Excerpt from: An Unusual Briefing
Santa Maria del Mar, Havana, summer 1958
Did she know? Could she somehow have sensed it? For indeed, he had been sleeping poorly. Disturbing dreams about the future of his country haunted him.
He didn’t dare open up to Mayte, his wife was emotionally and hands-on involved in ‘the revolution’. The slightest criticism of Castro would end in strife.
And now Marilyn, of all people, wanted to talk to him about this? He didn’t consider her to be an airhead, but he’d never expected her to care too much about Cuba’s predicament.
Natal had assumed she was in Cuba to party; sunny beaches by day, daiquiris and casinos after sunset.
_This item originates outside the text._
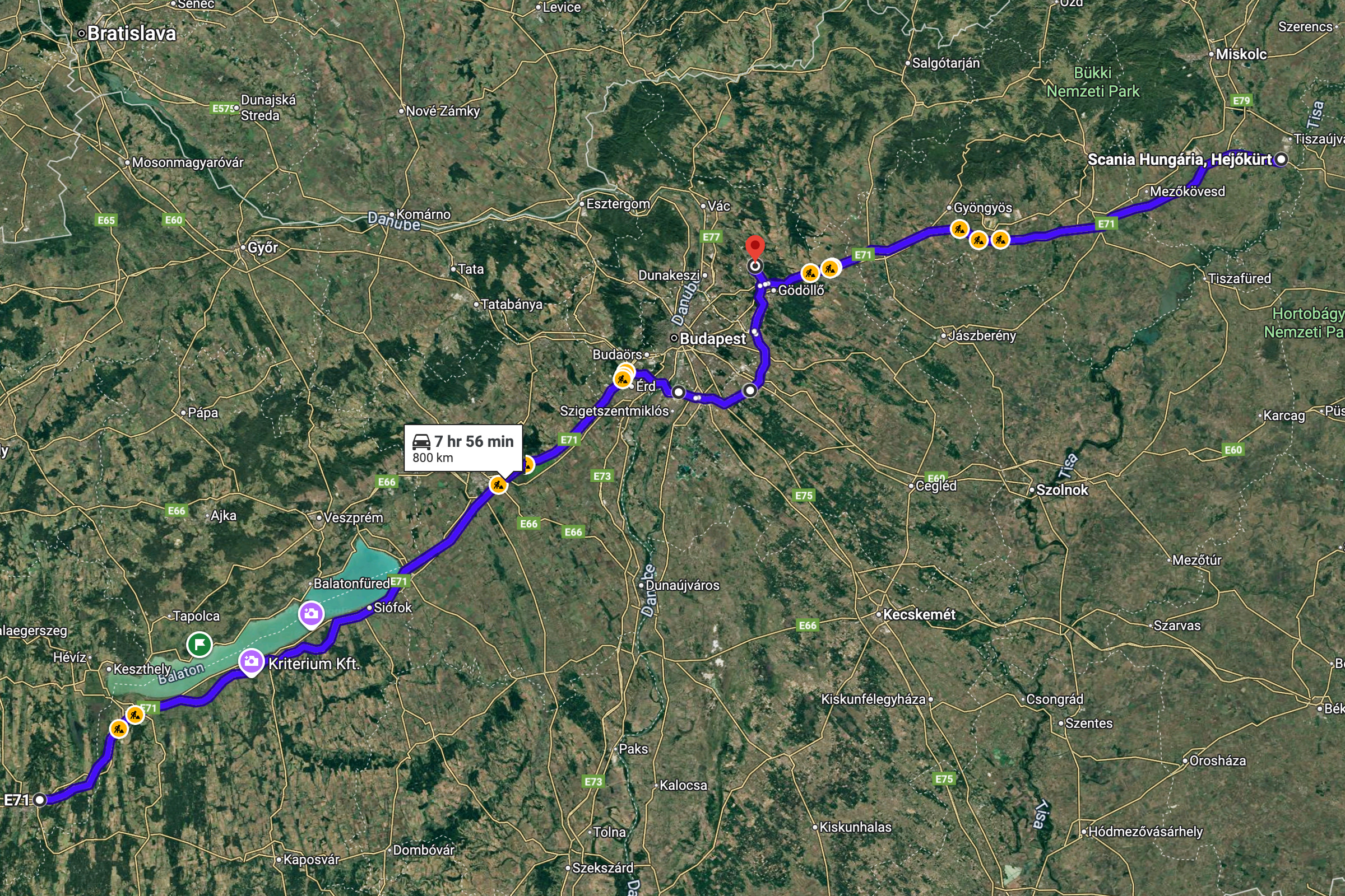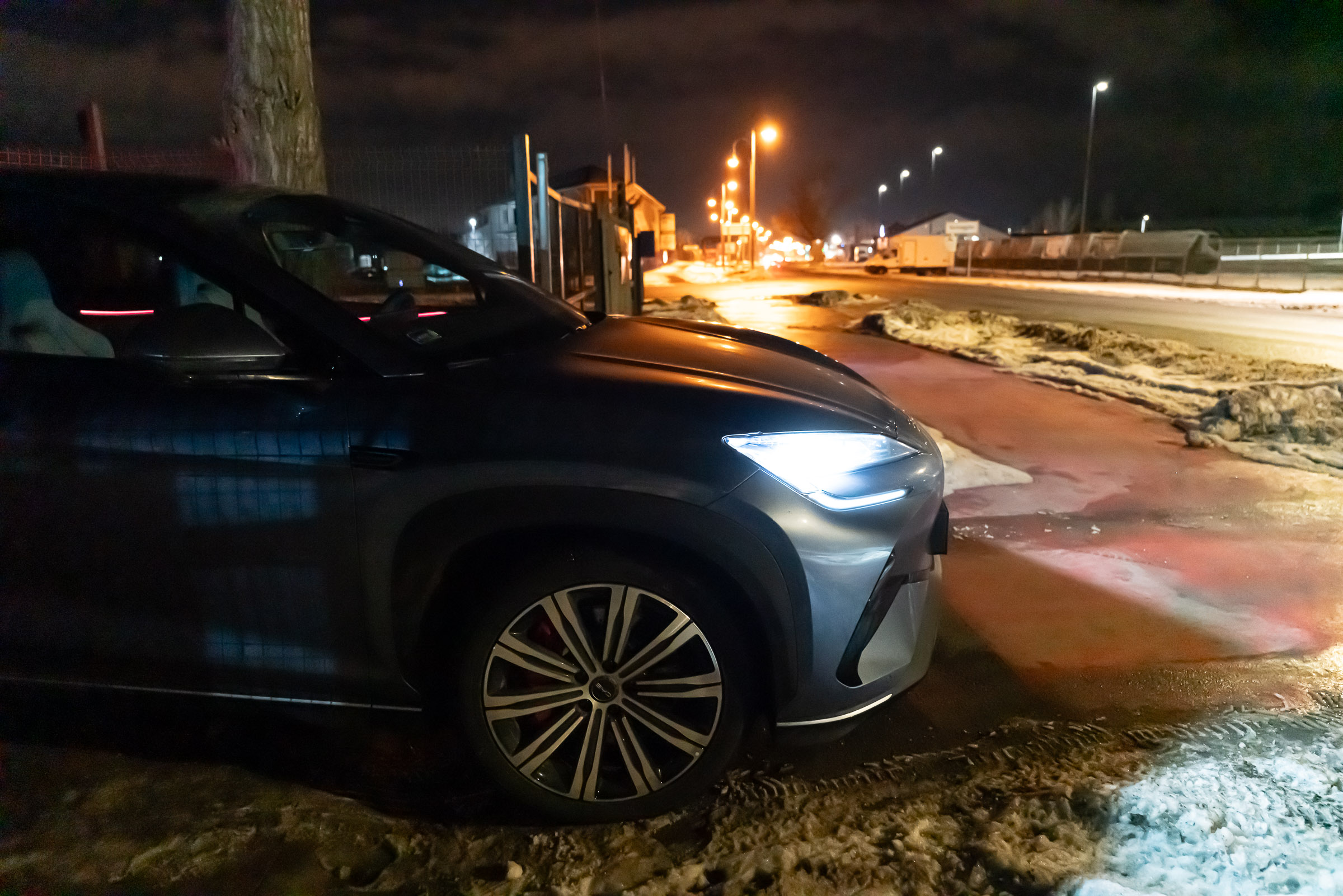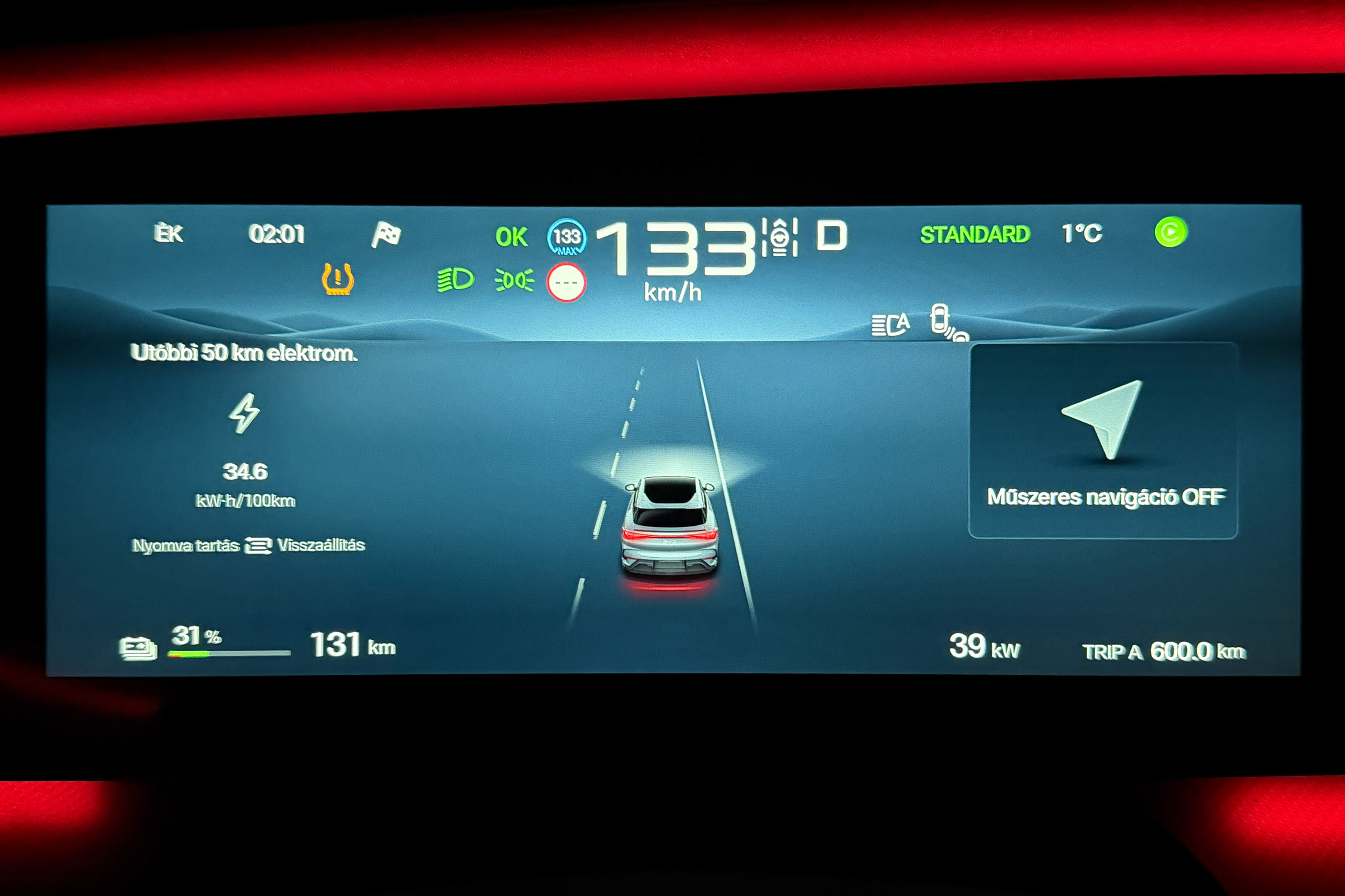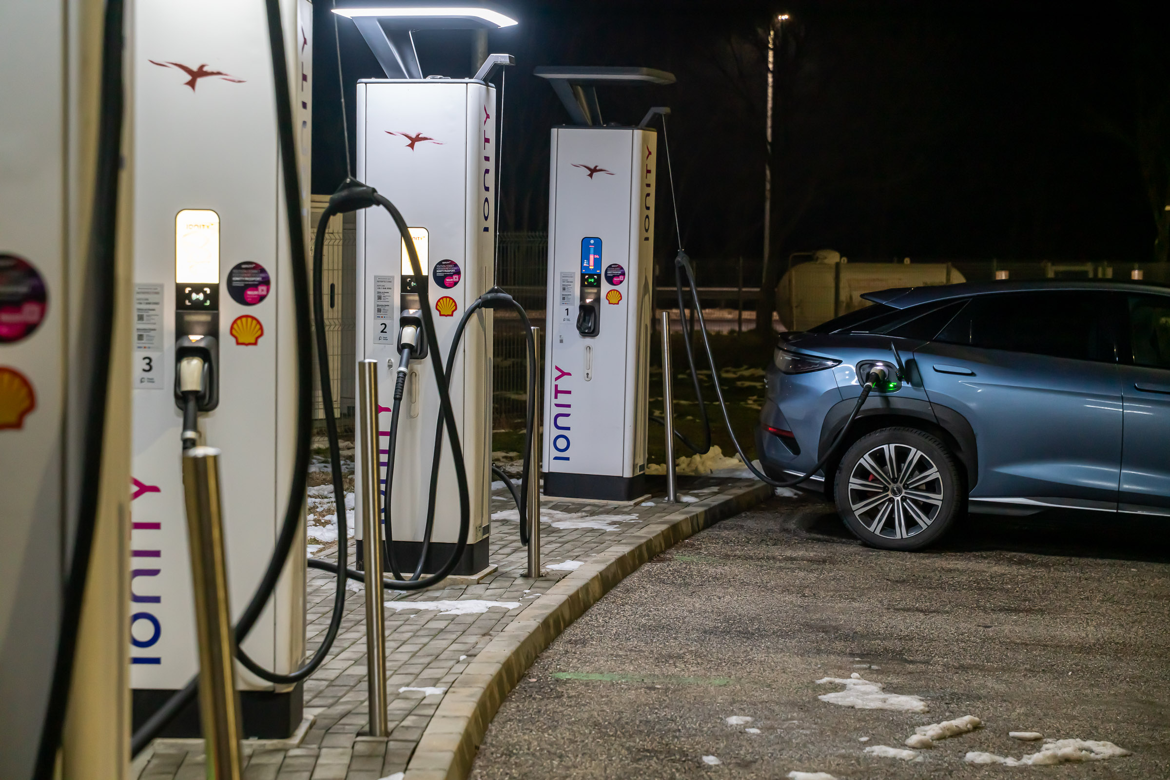A részletes tesztjeink elmaradhatatlan része a töltésteszt. 10% alá merült autóval, az akkut jól előkészítve elmegyünk egy 300 vagy 400 kW-os E.ON Drive Infrastructure töltőhöz, ahol teletöltjük az autót, hogy legyen egy olyan görbénk, amin látszik, hogy milyen töltöttségnél milyen teljesítménnyel képes tölteni az autó. A BYD Sealion 7 Excellence is megkapta a lehetőséget, de valahogy csak nem akart összejönni a gyártó által megadott 235 kW-os töltési teljesítmény. Annyira nem, hogy 115 kW-nál magasabb értéket nem is láttam a kijelzőn. Szinte biztos, hogy a fagypont alatti éjszakai hőmérséklet lehetett az oka, amit követően a töltőhöz vezető több mint félórás út sem volt elég arra, hogy az akku megfelelő hőmérsékletűre melegedjen. Ahhoz, hogy újra nekifussak a tesztnek, le kell meríteni az akkut, de 91 kWh energia esetén ehhez azért sokat kell autózni. Feleslegesen nem akartam, ezért „elmentem” vele inkább az Adriára. De mi ez az Adria szimuláció? Tudom mi ez, átugornám Magyarországról sokan járnak nyaranta Horvátországba pihenni. Budapesttől Split nagyjából 800 km-re található, amit vehetünk egy átlagos távnak. Aki a horvát tengerpart északi részét célozza meg az kevesebbet, aki a déli szakaszra megy, az többet utazik egy picit. Mi ezt a Budapest-Split távot szimuláljuk egy magyarországi körön. Már többször, több autóval megtettük ezt az utat (linkek a cikk végén), azonban az eredetihez képest néhányszor módosítottunk az útvonalon. Ezúttal Veresegyházról indultam kelet felé az M3-as autópályán, majd az oszlári lehajtónál fordultam vissza, Budapest felé, amit az M0-n kerültem meg (visszafele is), az M7-esen az első nagykanizsai lehajtónál fordultam. Így a teljes út töltések nélkül a Google Maps szerint pont 800 km. Pontosan ugyanaz az útvonal, mint legutóbb Mercedes CLA vs Tesla Model 3 összehasonlításnál. Adja magát a kérdés, hogy miért nem megyünk le valóban Splitig az autóval, mégis csak az lenne az igazán hiteles. Ez kétségtelenül így van, de akkor nemcsak odafelé, hanem a visszaútra is rá kellene szánni azt a 8 órát, a töltések árát és az autópálya díjakat. Sokkal praktikusabb, ha olyan útvonalon tesztelünk, aminek a vége a kiindulási pontban van. 20:01 – Indulás Veresegyházról Este 7-kor akartam indulni, hogy a forgalom már ne akadályozzon, de hajnali 3 körül hazaérjek. Az akkuból a 100%-os töltöttséghez hiányzó kWh-kat az otthoni Voltie töltőn terveztem beletolni, de csak induláskor vettem észre, hogy a töltés áll. Az autóhoz nem volt applikációs hozzáférésem, a Voltie üzenetét (ha küldött) nem láttam. Így 7 után néhány perccel nem az Adriára, hanem a közeli TEA DC töltőhöz mentem, ahonnan 8 óra után végül 98%-ös töltöttséggel (448 km jósolt hatótáv) indulhattam. A BYD navigációja sajnos nem teszi lehetővé, hogy az útvonal mentén egynél több közbülső pontot is hozzáadjunk vagy ezek sorrendjét szerkesszük, így a teljes útvonalra nem tudtam vele se menetidőt se töltéseket tervezni úgy, ahogy azt a Teslákkal vagy a Mercedes CLA-val legutóbb tettük. A töltőkkel egyébként tud tervezni az autó, de ilyenkor télen irreálisan alacsony fogyasztással számol, arra nem igazán lehet hagyatkozni. Az oszlári fordulóponthoz például úgy számolt, hogy ott még 64 százalékon lesz az akku töltöttsége. A valóságban azonban már az első 131 km-en elfogyott az akkuból 50 százaléknyi energia, Oszlárnál pedig már csak 44 százalék volt az akkuban. Hamar egyértelművé vált, hogy az első megállót nem Szigetszentmiklósra, hanem a geleji Ionity állomásra kell tervezzem. Miért Ionity? Ma ezen az útvonalon többféle szolgáltató töltőin is tölthetnénk, de több oka is van, hogy általában az Ionity-t használjuk. A legfontosabb, hogy minden töltőjük az autópályához közel található, nagyon kevés időt veszítünk a töltő megközelítésével és a pályára való visszahajtással. Minden helyszínen van éjjel is mosdó és mindegyik állomásuk legalább 350 kW-os. Ráadásul egy előfizetéssel relatíve megfizethető áron tudunk tölteni. A BYD Sealion 7 egy 800 voltos (igazából inkább 600 volt, a lényeg, hogy 500 voltnál magasabb a feszültség) rendszerű autó, ami papíron 235 kW-tal képes tölteni, így mindenképpen legalább 300 kW-os töltőket kell célba vennem, ha nem szeretném, hogy az infrastruktúra hátráltasson a haladásban. 21:24 – Gelej észak, Ionity (163 km, 1 óra 23 perc) Szokatlanul rövid lett az első etap. Mehettem volna még 20-25 percet, de sajnos még nem ennyire sűrű az Ionity hálózat ezen az útszakaszon. Ráadásul értelme sem sok lett volna, mert mint kiderült, az akku az előmelegítés kézi bekapcsolása ellenére sem volt elég meleg ahhoz, hogy a -4 °C-os külső hőmérséklet mellett a Sealion 7 154 kW-nál nagyobb teljesítménnyel töltsön. Töltöttség érkezéskor Állás ideje Töltés ideje Betöltött energia Töltési teljesítmény Töltöttség induláskor 36% 13 perc 11 perc 27 kWh 147,3 kW 65% Ennek ellenére elég volt 11 perc, hogy 36-ról 65 százalékra töltsem az akkut. Úgy számoltam, hogy ha 34 kWh-t fogyaszt 100 kilométerenként az autó, akkor a következő 163 km-re 55,4 kWh energia, vagyis 61%-os töltöttségre lesz szükségem. Hogy ne nulla százalékkal essek be a töltőhöz, inkább 65 százalékig töltöttem, de azt is tudtam, hogy az M0-n a 110 km-es sebességkorlátozás miatt alacsonyabb lesz a fogyasztás, tehát valahol 5 és 10 százalék közötti érkezésre számítottam. A navigáció már 53 százalékos töltöttségnél is 22 százalékos érkezéskori szintet jósolt Szigetszentmiklósra. Nem szabad hinni neki. Egyébként furcsa, de töltés közben csak a százalékos töltöttséget írja

That’s what most Americans came here for anyway.
Of course there was talk among the foreigners about what was brewing, but the average tourist without business interest didn’t bother much.
And if next year Cuba wasn’t an option to spend the holidays, they would go some place else. Too bad, but not the end of the world.., for them.
But Natal had nightmares about the future of his island. Mostly along the lines of shops, hotels and restaurants in decline; the laughter, the chatter, the music and clinking of glasses hushed.
In a recurring dream he’d roam endlessly through the streets of old Havana, and all he saw were gray faces and gray buildings, never a ray of sunlight.
Where were the colorful buildings and the chatty people he was accustomed to? The banjos, the music? The bravado’s driving garish colored cars while flaunting girls from Miami? Where were the locals; no more gossiping in front of busy shops?
The people he saw he did not recognize. They were carrying a burden of which Natal witnessed it’s manifestation; around their heads he saw swirling threads of fear, which slowly intertwined in unity. This dreadful mass then gathered above the city, creating compact clouds of a smoke-like substance.
He would then wake up in a sweat, the ominous feeling still lingered.